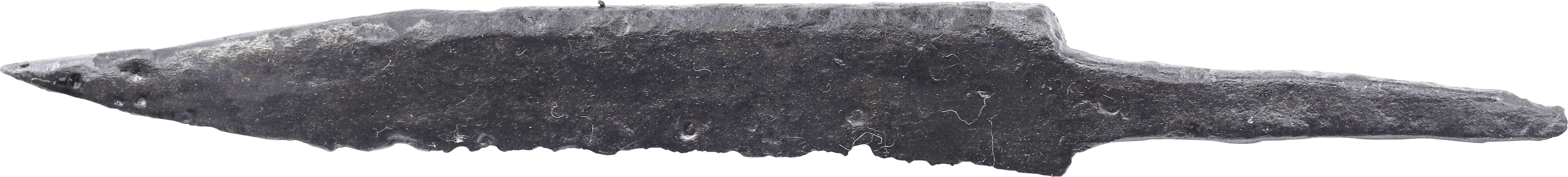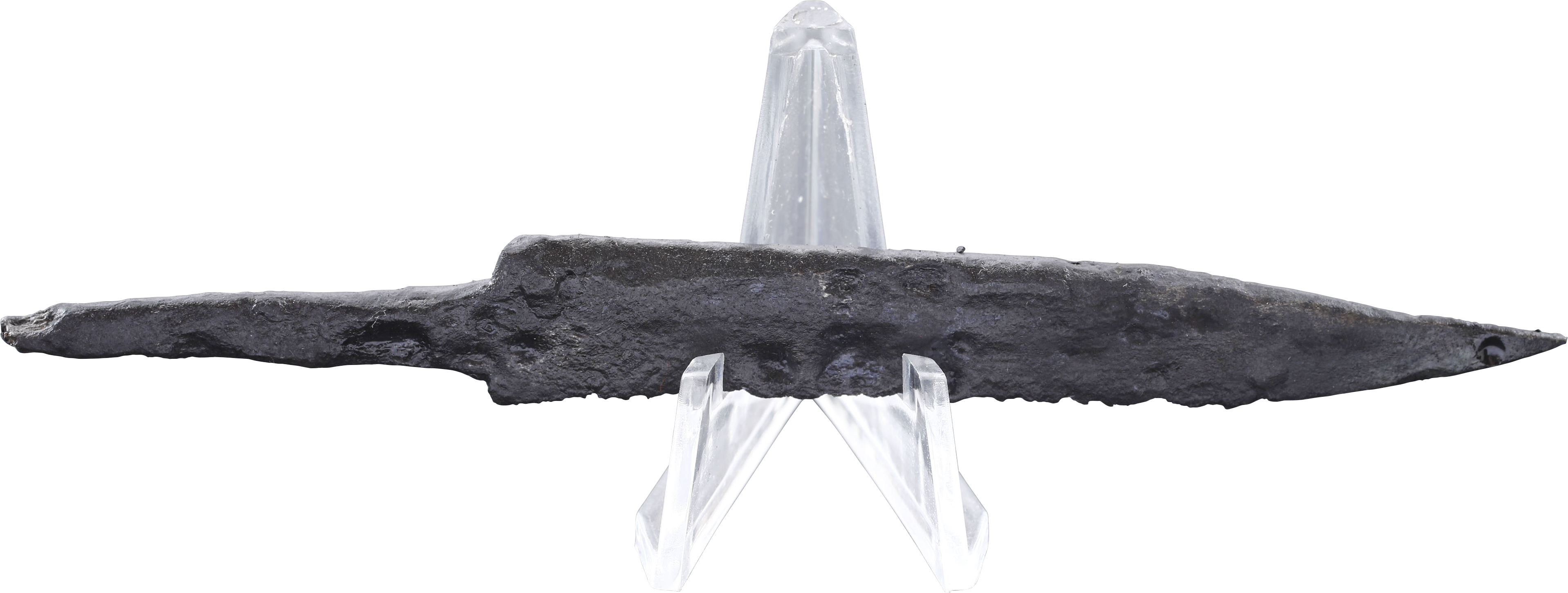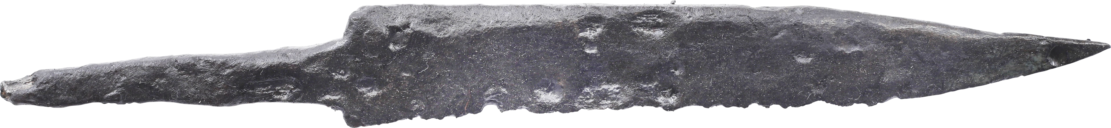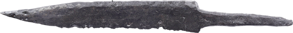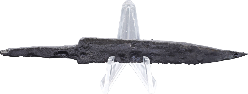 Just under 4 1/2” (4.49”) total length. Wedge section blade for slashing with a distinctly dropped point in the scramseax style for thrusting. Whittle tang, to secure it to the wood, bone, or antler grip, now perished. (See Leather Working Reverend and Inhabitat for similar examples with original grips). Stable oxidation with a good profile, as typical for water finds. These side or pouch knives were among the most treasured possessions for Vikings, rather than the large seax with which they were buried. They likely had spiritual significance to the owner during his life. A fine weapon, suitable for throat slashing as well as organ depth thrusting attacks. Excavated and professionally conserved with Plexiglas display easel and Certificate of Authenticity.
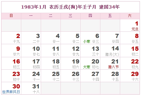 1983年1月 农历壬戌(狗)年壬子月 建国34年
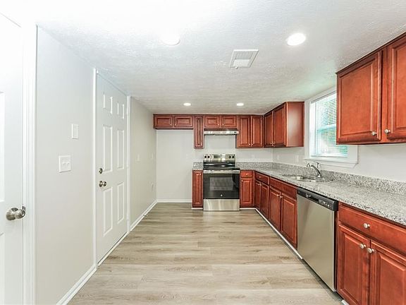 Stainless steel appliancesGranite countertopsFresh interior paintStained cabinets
--
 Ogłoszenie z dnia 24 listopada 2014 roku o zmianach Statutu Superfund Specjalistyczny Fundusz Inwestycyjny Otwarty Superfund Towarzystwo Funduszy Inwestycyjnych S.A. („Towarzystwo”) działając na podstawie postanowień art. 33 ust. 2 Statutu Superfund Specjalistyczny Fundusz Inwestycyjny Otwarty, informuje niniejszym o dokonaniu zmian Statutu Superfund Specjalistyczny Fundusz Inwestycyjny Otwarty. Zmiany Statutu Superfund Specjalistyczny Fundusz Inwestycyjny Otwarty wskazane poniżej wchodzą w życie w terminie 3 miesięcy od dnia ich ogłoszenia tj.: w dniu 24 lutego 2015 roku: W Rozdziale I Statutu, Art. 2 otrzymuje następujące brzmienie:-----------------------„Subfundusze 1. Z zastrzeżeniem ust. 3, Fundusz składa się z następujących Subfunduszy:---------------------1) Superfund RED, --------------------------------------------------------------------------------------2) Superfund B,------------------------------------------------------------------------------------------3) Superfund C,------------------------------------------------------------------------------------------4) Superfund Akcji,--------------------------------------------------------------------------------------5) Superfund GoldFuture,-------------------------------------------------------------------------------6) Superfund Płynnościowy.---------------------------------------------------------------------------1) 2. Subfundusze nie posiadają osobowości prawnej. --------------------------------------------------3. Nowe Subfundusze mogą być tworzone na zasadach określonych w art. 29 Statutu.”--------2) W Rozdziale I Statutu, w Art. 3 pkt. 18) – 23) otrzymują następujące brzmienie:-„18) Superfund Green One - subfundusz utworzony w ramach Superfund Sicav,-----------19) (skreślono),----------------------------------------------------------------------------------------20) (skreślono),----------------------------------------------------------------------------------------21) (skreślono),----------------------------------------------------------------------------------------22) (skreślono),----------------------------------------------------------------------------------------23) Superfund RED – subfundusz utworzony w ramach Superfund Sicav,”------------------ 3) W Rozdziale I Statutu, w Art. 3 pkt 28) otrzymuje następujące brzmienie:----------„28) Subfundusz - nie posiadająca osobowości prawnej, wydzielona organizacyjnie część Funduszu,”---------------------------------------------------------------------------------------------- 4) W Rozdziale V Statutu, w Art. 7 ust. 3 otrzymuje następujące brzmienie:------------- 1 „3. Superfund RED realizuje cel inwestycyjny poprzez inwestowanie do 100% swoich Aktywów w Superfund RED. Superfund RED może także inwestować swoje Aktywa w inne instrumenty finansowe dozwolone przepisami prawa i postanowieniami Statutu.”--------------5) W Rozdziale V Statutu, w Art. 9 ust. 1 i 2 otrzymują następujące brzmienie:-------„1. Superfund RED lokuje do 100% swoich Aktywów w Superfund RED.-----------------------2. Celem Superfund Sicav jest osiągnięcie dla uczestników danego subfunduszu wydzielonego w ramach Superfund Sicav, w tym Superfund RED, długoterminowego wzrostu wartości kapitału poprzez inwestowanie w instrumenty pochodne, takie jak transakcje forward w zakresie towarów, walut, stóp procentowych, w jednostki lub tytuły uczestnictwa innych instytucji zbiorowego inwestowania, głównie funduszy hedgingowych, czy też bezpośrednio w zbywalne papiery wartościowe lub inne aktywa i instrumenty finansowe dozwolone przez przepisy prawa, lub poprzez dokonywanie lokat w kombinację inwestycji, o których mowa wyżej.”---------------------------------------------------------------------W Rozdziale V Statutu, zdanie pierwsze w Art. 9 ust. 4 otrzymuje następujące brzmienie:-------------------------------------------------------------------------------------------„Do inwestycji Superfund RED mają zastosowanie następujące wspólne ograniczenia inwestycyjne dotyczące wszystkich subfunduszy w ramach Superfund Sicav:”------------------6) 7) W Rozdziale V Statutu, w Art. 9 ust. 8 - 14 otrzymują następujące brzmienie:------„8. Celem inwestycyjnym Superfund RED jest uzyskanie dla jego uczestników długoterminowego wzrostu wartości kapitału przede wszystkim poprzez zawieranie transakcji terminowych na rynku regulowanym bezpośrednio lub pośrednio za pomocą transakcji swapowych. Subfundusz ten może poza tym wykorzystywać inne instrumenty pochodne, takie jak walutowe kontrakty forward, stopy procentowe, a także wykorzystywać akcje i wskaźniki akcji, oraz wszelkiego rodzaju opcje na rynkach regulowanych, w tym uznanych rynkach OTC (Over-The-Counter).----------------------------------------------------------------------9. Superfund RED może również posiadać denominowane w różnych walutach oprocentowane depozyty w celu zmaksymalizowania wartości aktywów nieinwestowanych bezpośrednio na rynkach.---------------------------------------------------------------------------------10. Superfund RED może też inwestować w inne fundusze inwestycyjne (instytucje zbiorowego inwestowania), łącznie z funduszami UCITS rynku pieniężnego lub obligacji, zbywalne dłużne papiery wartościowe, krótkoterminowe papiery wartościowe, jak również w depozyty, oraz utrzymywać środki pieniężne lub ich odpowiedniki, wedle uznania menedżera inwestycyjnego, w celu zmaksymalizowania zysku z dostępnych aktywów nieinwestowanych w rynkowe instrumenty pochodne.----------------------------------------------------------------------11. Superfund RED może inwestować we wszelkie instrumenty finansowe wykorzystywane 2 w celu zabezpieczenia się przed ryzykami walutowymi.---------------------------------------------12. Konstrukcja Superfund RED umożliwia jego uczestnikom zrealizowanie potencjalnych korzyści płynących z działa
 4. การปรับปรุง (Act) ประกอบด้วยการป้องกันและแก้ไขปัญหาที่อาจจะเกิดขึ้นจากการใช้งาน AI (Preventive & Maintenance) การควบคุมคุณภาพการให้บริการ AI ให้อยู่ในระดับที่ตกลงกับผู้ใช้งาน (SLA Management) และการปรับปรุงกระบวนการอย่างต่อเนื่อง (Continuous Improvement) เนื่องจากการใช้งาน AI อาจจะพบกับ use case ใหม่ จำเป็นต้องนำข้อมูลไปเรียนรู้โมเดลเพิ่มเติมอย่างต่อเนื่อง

Work required: Each line above starting at the one holding "Just under 4" and ending at the one holding "Stainless steel appliancesGranite" should be set down exactly as it stands, both ends included, with no pictures.

Result:
 Just under 4 1/2” (4.49”) total length. Wedge section blade for slashing with a distinctly dropped point in the scramseax style for thrusting. Whittle tang, to secure it to the wood, bone, or antler grip, now perished. (See Leather Working Reverend and Inhabitat for similar examples with original grips). Stable oxidation with a good profile, as typical for water finds. These side or pouch knives were among the most treasured possessions for Vikings, rather than the large seax with which they were buried. They likely had spiritual significance to the owner during his life. A fine weapon, suitable for throat slashing as well as organ depth thrusting attacks. Excavated and professionally conserved with Plexiglas display easel and Certificate of Authenticity.
 1983年1月 农历壬戌(狗)年壬子月 建国34年
 Stainless steel appliancesGranite countertopsFresh interior paintStained cabinets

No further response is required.